### Dataset section
Segment Open

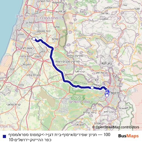 Click here to view the nearest 100 - חניון שפירים/איסוף-בית דגן<->קמפוס ספרא/מסוף כפר ההייטק-ירושלים-10 bus stop.
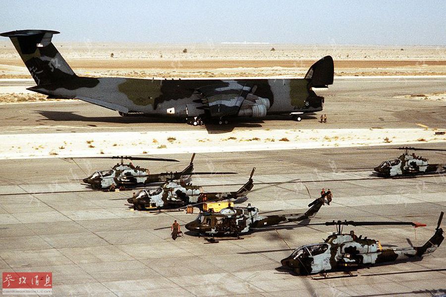 图为1991年1月23日(海湾战争期间),部署在沙特靠近伊拉克边境的某空军基地的陆战队AH-1W和UH-1N直升机群,远处还有一架C-5运输机在装卸物资。
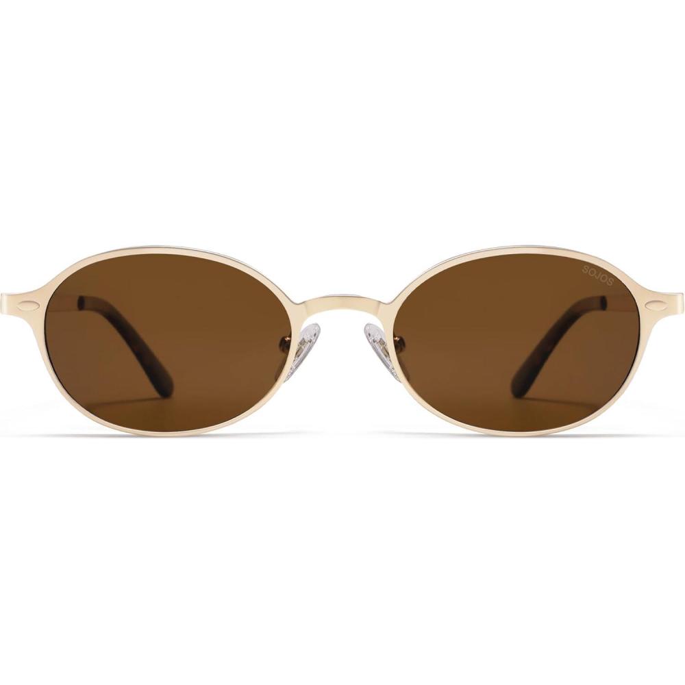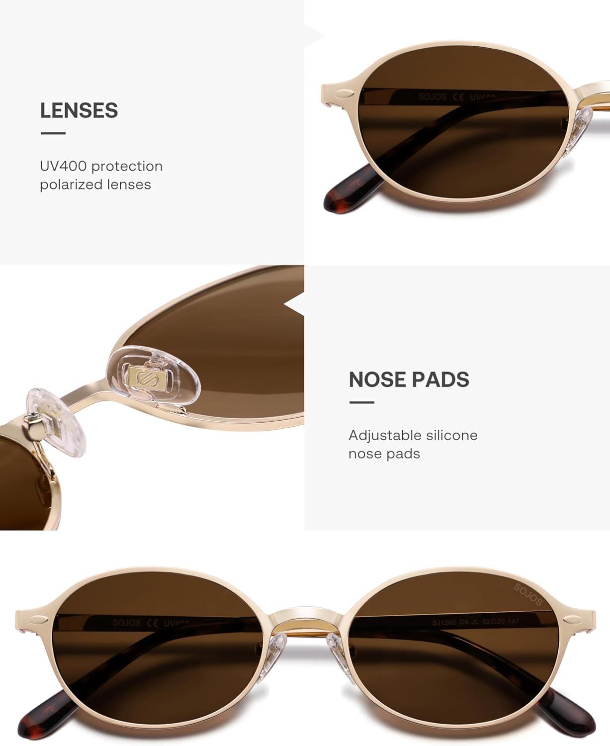 imageSOJOS Retro Trendy Oval Polarized Sunglasses Womens Mens 80s 90s Chic Small Round Metal Frame Sunnies SJ1260Shiny GoldBrown
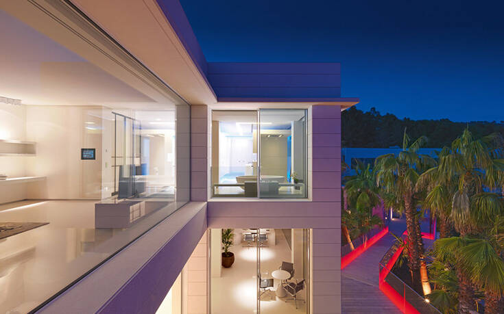Επιβλέποντας τη θάλασσα και το λιμάνι και καλυμμένη με κρύσταλλο, η πρόσοψη είναι γεμάτη LED φώτα, ώστε να αλλάζει το χρώμα σύμφωνα με τις διαθέσεις των ενοίκων.

Segment Closed

### Directions
Transcribe all the lines above exactly; any image among them is skipped.

### Result for this task
 Click here to view the nearest 100 - חניון שפירים/איסוף-בית דגן<->קמפוס ספרא/מסוף כפר ההייטק-ירושלים-10 bus stop.
 图为1991年1月23日(海湾战争期间),部署在沙特靠近伊拉克边境的某空军基地的陆战队AH-1W和UH-1N直升机群,远处还有一架C-5运输机在装卸物资。
 imageSOJOS Retro Trendy Oval Polarized Sunglasses Womens Mens 80s 90s Chic Small Round Metal Frame Sunnies SJ1260Shiny GoldBrown
Επιβλέποντας τη θάλασσα και το λιμάνι και καλυμμένη με κρύσταλλο, η πρόσοψη είναι γεμάτη LED φώτα, ώστε να αλλάζει το χρώμα σύμφωνα με τις διαθέσεις των ενοίκων.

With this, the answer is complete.